I own a 2003 F150 5.4L 4x4 Supercrew XLT truck with a Meyer 7 foot 6" plow. I currently have a hitch spreader for my truck, but I'm getting much larger parking lots to plow and salt this year. So my question to you Ford guys, can this truck handle the SnowEx SP6000 V salt spreader?

The spreader I'm looking at is electric, but I think my stock alternator is 95 amp, and there is an upgraded alternator to 130amps which I think would be needed. The spreader holds 1 cubic yard of salt, but with my truck I can only "legally" hold a payload of about 1500 lbs. 

Let me know if you guys/ladies have any thoughts/ideas on whether my truck can handle the spreader.
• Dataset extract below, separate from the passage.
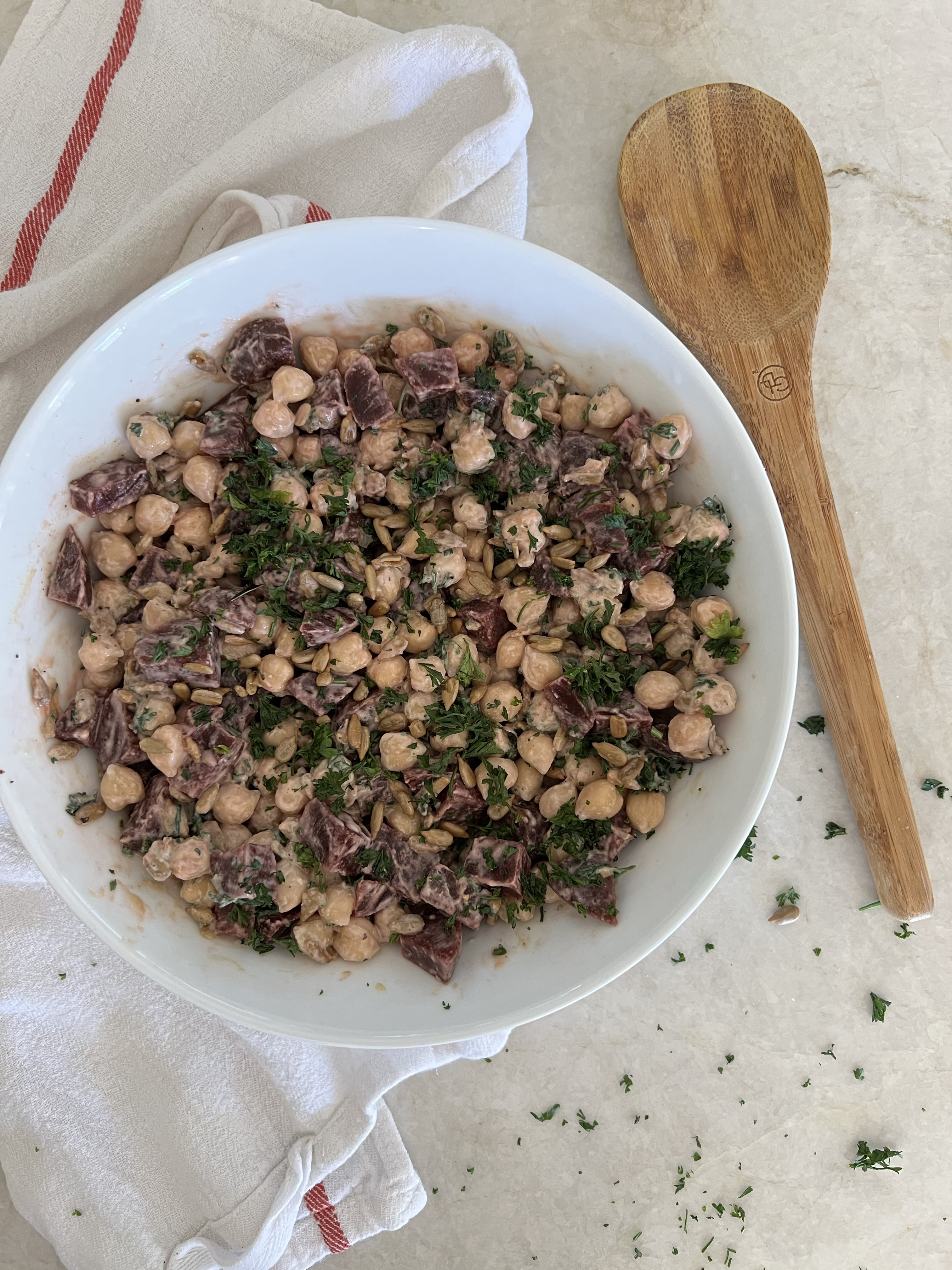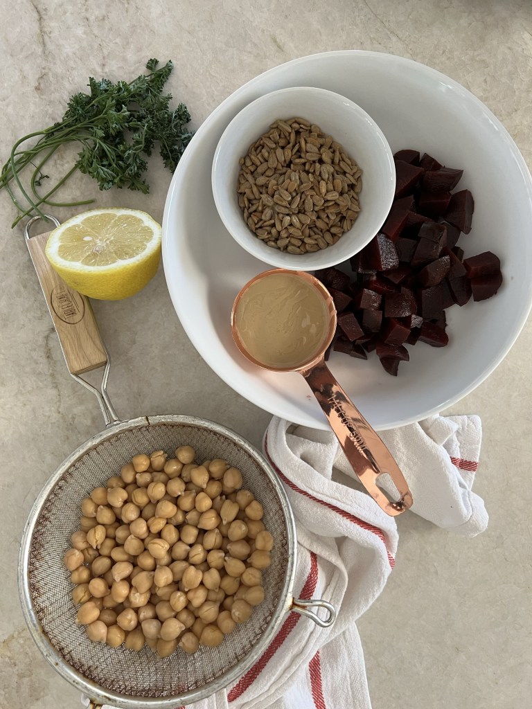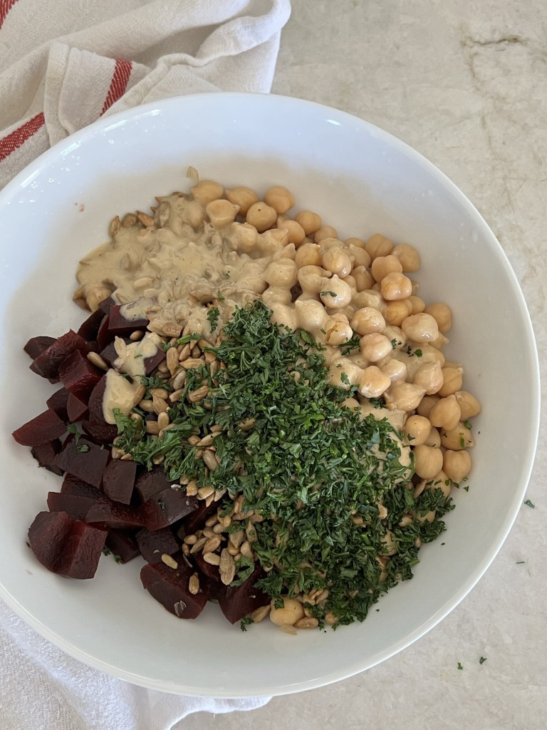 Ingredients: 1 can Chickpeas 5 Small Roasted Beets 1/2 cup Roasted Sunflower Seeds 1/4 cup Tahini 1 whole Lemon (juiced) 1/4 cup chopped Parsley Salt & Pepper to Taste Directions: Refrigerate and enjoy for up to 10 days. Beet & Chickpea Salad

Thanks for your time, and LET IT SNOW IN PHILADELPHIA THIS YEAR PLEASE!!!



Steve


----------



## bribrius (May 5, 2007)

dunno. i saw a couple fairly new f250's last year with spreaders and fully loaded that looked pretty damn shaky. also some serious drooping going on there with the ass end. that werent happy looking fords.


----------



## cretebaby (Aug 23, 2008)

odd1or2even;575087 said:


> I own a 2003 F150 5.4L 4x4 Supercrew XLT truck with a Meyer 7 foot 6" plow. I currently have a hitch spreader for my truck, but I'm getting much larger parking lots to plow and salt this year. So my question to you Ford guys, can this truck handle the SnowEx SP6000 V salt spreader?
> 
> The spreader I'm looking at is electric, but I think my stock alternator is 95 amp, and there is an upgraded alternator to 130amps which I think would be needed. The spreader holds 1 cubic yard of salt, but with my truck I can only "legally" hold a payload of about 1500 lbs.
> 
> ...


----------



## odd1or2even (Mar 25, 2007)

I'll be salting train stations. So there could be anywhere from 8-15 stations to plow and bags of salt would be too much time to load and too much salt to be used. 
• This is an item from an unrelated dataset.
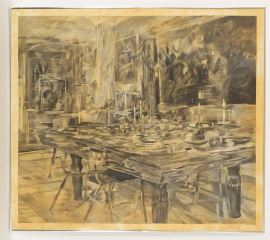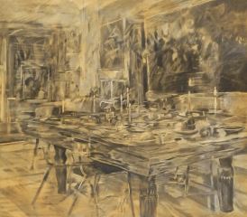 Graphite on Polystyrene signed Howarth, 35 3/4" x 41", "Still Life with Table Setting".
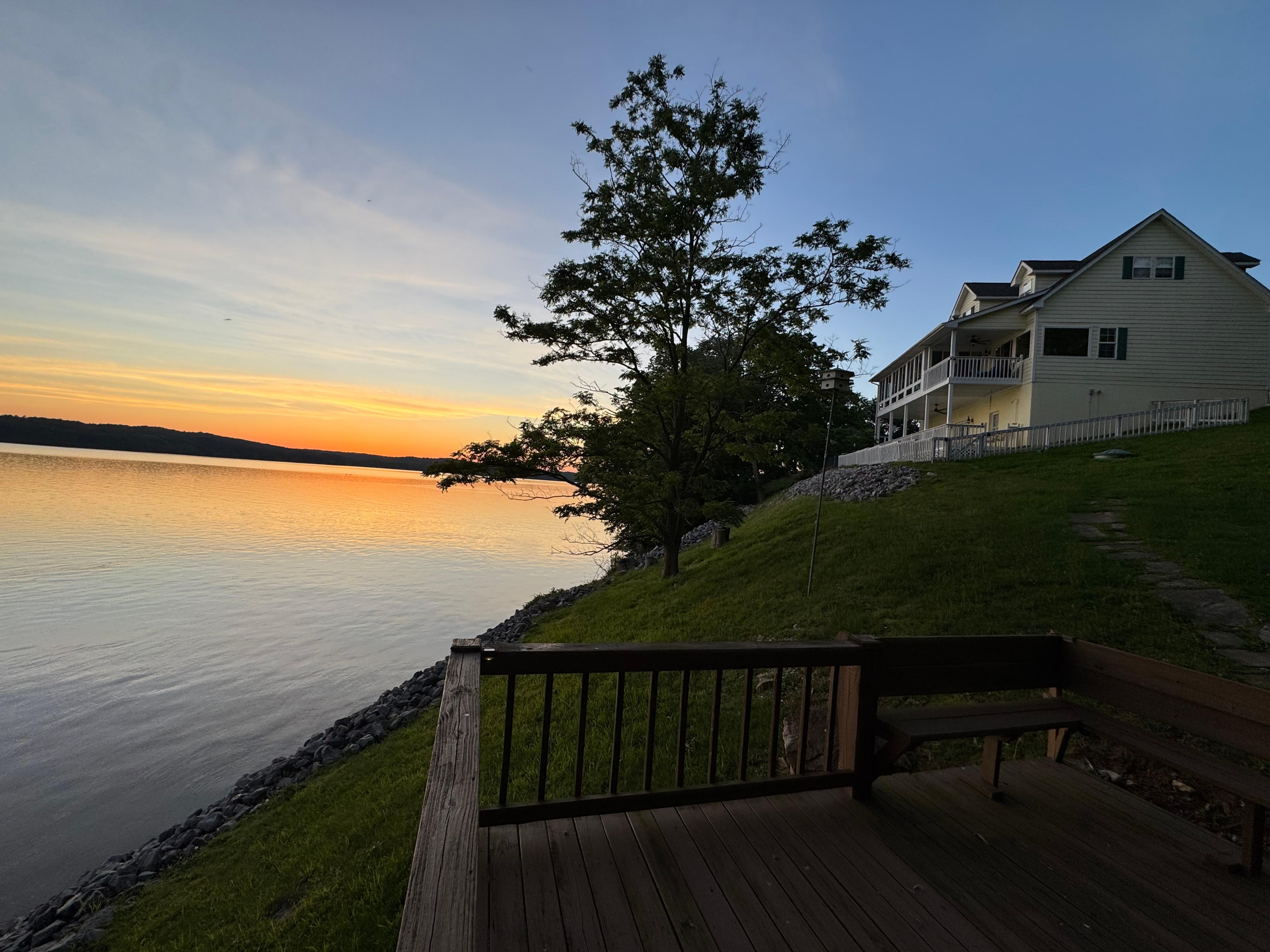Enjoy the fresh air and picturesque scenery from three expansive decks. Curl up in the large sunroom year round and enjoy breathtaking sunsets. Relax, lounge and grill out on the lower deck while riverboats and barges cruise by. Build a fire in the oversized firepit, kick back in the adirondak chairs and enjoy the quiet evenings on the lake. Very low light pollution out here so you can see all the stars and enjoy tranquility of nature. The home is located on a quiet circle which is great for walking or bike riding. You are only minutes away from Land Between the Lakes National Park and Lake Barkley State Park. Endless activities to access - 100+ miles of hiking trails, Elk and Bison Prairie, hunting, fishing, planetarium and observatory, boat and kayak rentals, seasonal horseback riding. outstanding restaurants and shopping are close by in Cadiz, KY.

What I'm really wondering is whether the truck's electrical system to handle the electric salt spreader that draws 25-35 amps. Thanks


----------



## JD Dave (Mar 20, 2007)

odd1or2even;575334 said:


> I'll be salting train stations. So there could be anywhere from 8-15 stations to plow and bags of salt would be too much time to load and too much salt to be used.
> 
> What I'm really wondering is whether the truck's electrical system to handle the electric salt spreader that draws 25-35 amps. Thanks


I think you already answered your own questions. Do you you have a backup plan if your truck lays down?


----------



## basher (Nov 13, 2004)

cretebaby;575126 said:


> odd1or2even;575087 said:
> 
> 
> > I own a 2003 F150 5.4L 4x4 Supercrew XLT truck with a Meyer 7 foot 6" plow. I currently have a hitch spreader for my truck, but I'm getting much larger parking lots to plow and salt this year. So my question to you Ford guys, can this truck handle the SnowEx SP6000 V salt spreader?
> ...


----------



## MickiRig1 (Dec 5, 2003)

Your going to have more repairs and break downs pushing the truck to it's limit. Plowing with a 1/2 ton is hard enough on it. Then you add the weight of the salt and spreader. You can add a second battery and a bigger alternator to the truck. There are sites on the INTERNET that have the alternators. You have to upgrade ( wire size) the feed from them to the batteries.


----------



## boston41 (Aug 21, 2010)

I was thinking of doing the same thing but I have an 2011 Tundra with the 6.5ft bed. Was thinking about taking out the timbrens that I have in the rear now and putting in super springs. Take a look at them on their website. As far as the alternator, I myself would upgrade. good luck hope you have a good season.


----------